**To do**
When the line with "Luce da manubrio" turns up below, begin repeating exactly, and carry on through the line with "Aguascalientes, Aguascalientes, 5"; no pictures go into the copy.

**Task input**
____________________

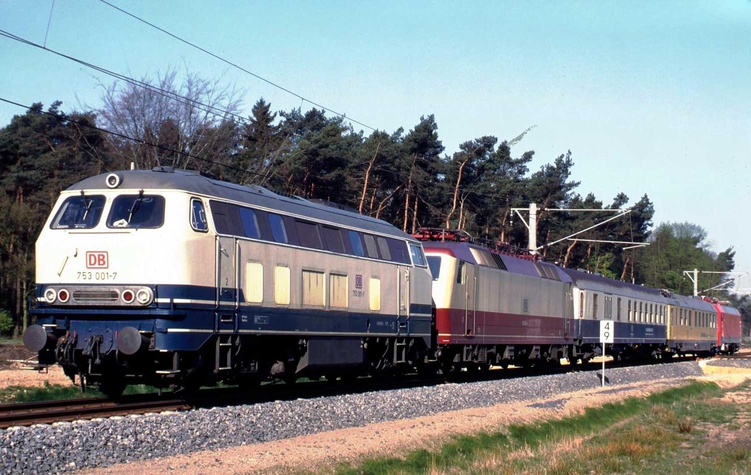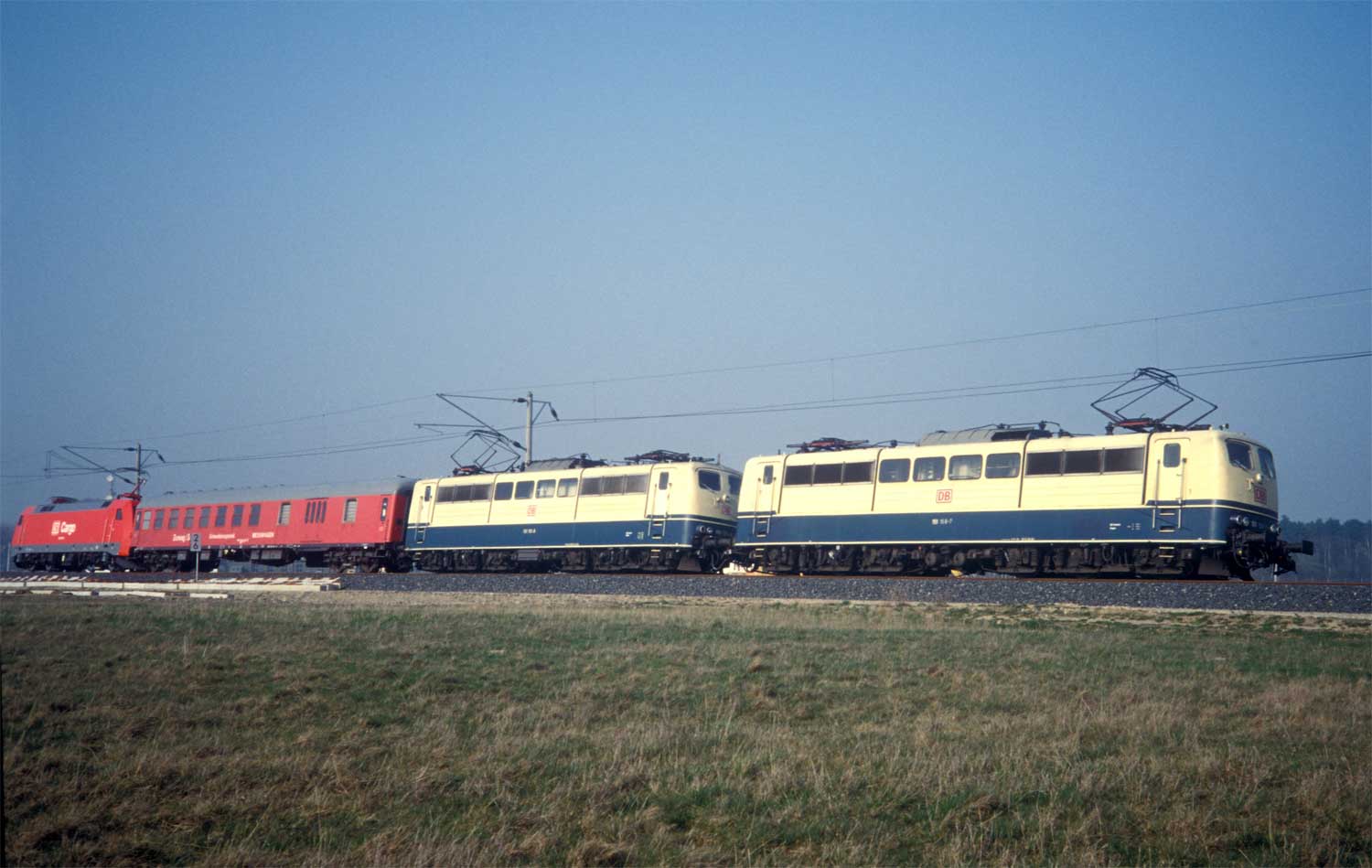Messzug: vorne 152 001, dann der Messwagen 50 80 09-40 056-7P (ein BDm 028), gefolgt von den beiden Bremsloks 151 151 und 151 156.
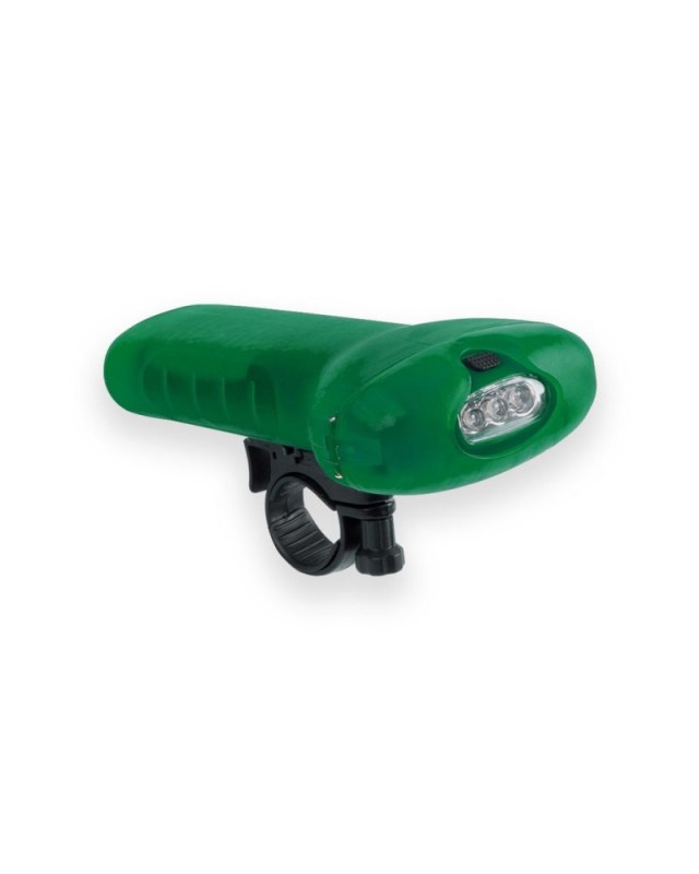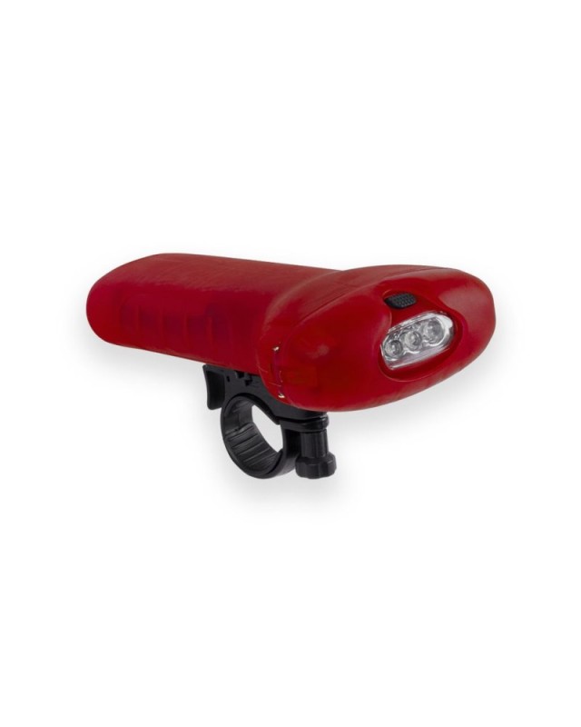 Luce da manubrio multifunzionale con 3 LED e 2 posizioni di illuminazione, con corpo dai colori vivaci e finitura liscia. Con opzione per la regolazione dellalta potenza. Alimentazione a batteria: 3xAAA non incluse. Confezionata singolarmente in colore argento. - Lunghezza: 7.6 cm - Larghezza: 6.4 cm - Peso: 78 gr
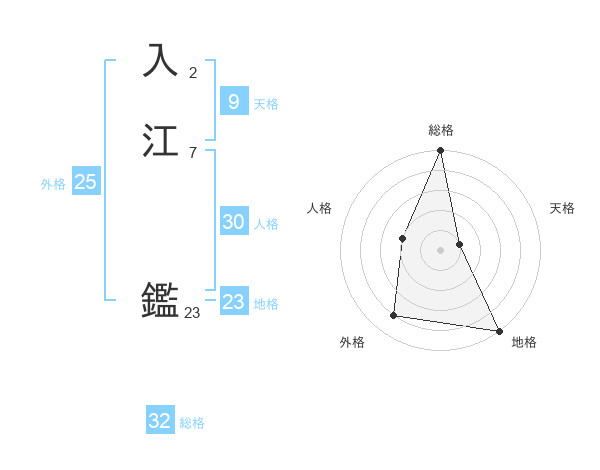 入江 鑑さんの総格は32画の5点!
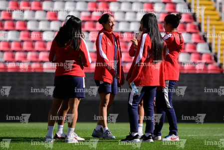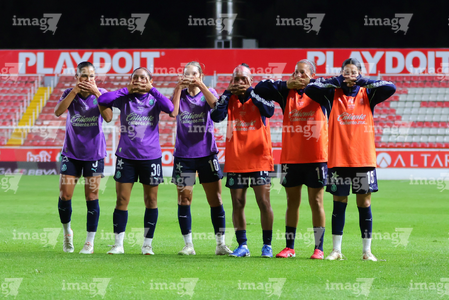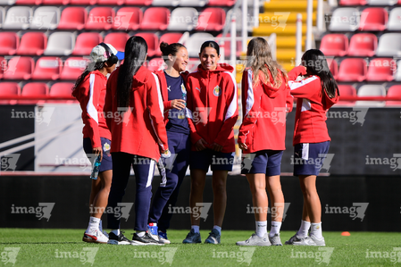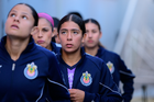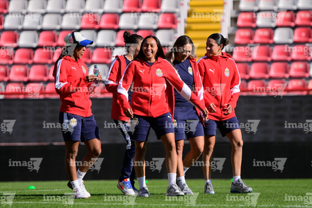 Aguascalientes, Aguascalientes, 5 de febrero de 2026. Jugadoras de Chivas femenil, durante el partido correspondiente a la jornada 7 del torneo Clausura 2026 de la Liga BBVA MX Femenil, entre las Centellas del Necaxa y las Chivas Rayadas del Guadalajara, realizado en el estadio Victoria. Foto: Imago7/ Pablo Ramírez
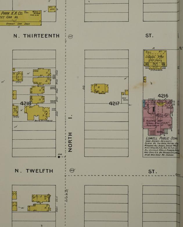 This map, from the Sanborn Fire Insurance map collection, shows the layout of the school grounds, with the new building in the center of the lot on Yakima between N. 12th and 13th streets. The old building (the annex) is on the corner of the lot, on 13th street.
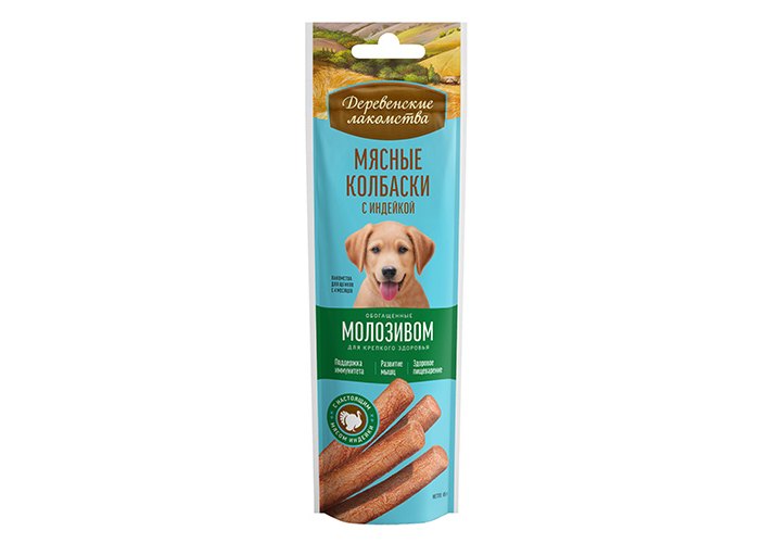Деревенские лакомства Мясные колбаски с Индейкой обогащенные молозивом для Щенков 45 г
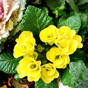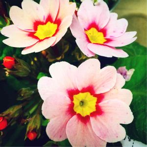 可愛い🎵✨ プリムラ ジュリアン💝 黄色に赤のふちどりの花びらが 愛らしくてパッと明るいお花ちゃん💠🎵 休みもあと2日です(-_-#)
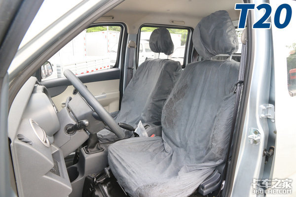 两台车的内饰风格大同小异,都是以灰色为主,控制面板和空调出风口有银色装饰。配置亦是如此,两车都有原厂空调、电动车窗(带一键落窗)等基本舒适性配置。最大差异是T20采用双遮阳板,而T10是单个,副驾驶没有配备。
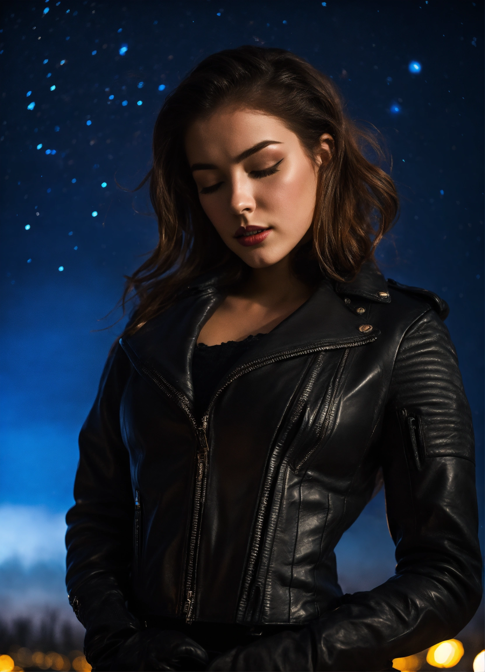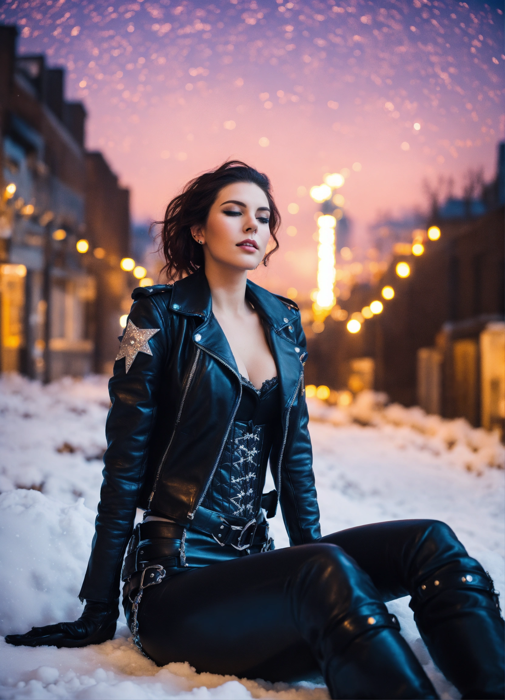 A real photo of a 25 year old metal woman with looking like a real version of sleeping beauty, wearing black leather jacket pants corsets and gloves. urban background in the sky we see stars. full body snow at night.
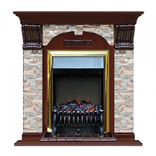 Каминокомплект Glenrich Арочный Грот цветной (красное дерево)+Fobos Brass
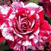 Цветы двухцветные, темно-бордовые, с белыми полосами, мелкие 5-6 см, густомахровые 45 леп. Куст среднерослый 65см, кустистый, обильно цветущий
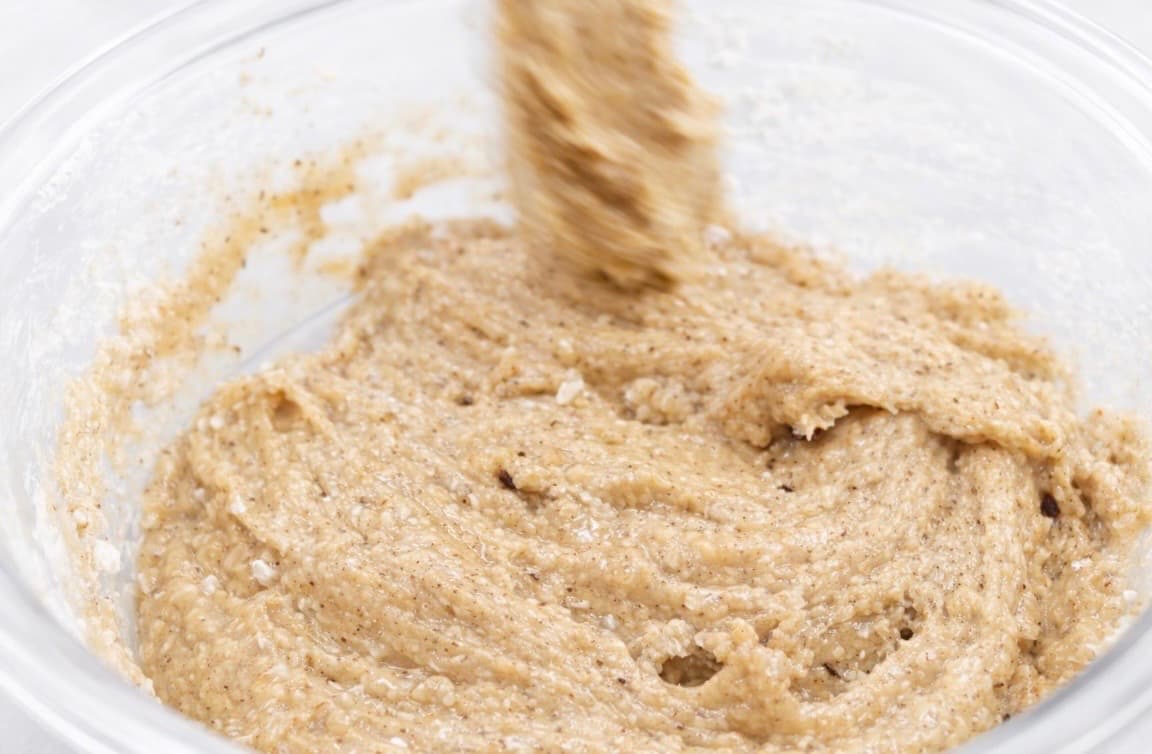 3. Bland inn hvetemel, bakepulver, kanel, natron og salt, og rør forsiktig til en jevn røre.

____________________

**Result for this task**
 Luce da manubrio multifunzionale con 3 LED e 2 posizioni di illuminazione, con corpo dai colori vivaci e finitura liscia. Con opzione per la regolazione dellalta potenza. Alimentazione a batteria: 3xAAA non incluse. Confezionata singolarmente in colore argento. - Lunghezza: 7.6 cm - Larghezza: 6.4 cm - Peso: 78 gr
 入江 鑑さんの総格は32画の5点!
 Aguascalientes, Aguascalientes, 5 de febrero de 2026. Jugadoras de Chivas femenil, durante el partido correspondiente a la jornada 7 del torneo Clausura 2026 de la Liga BBVA MX Femenil, entre las Centellas del Necaxa y las Chivas Rayadas del Guadalajara, realizado en el estadio Victoria. Foto: Imago7/ Pablo Ramírez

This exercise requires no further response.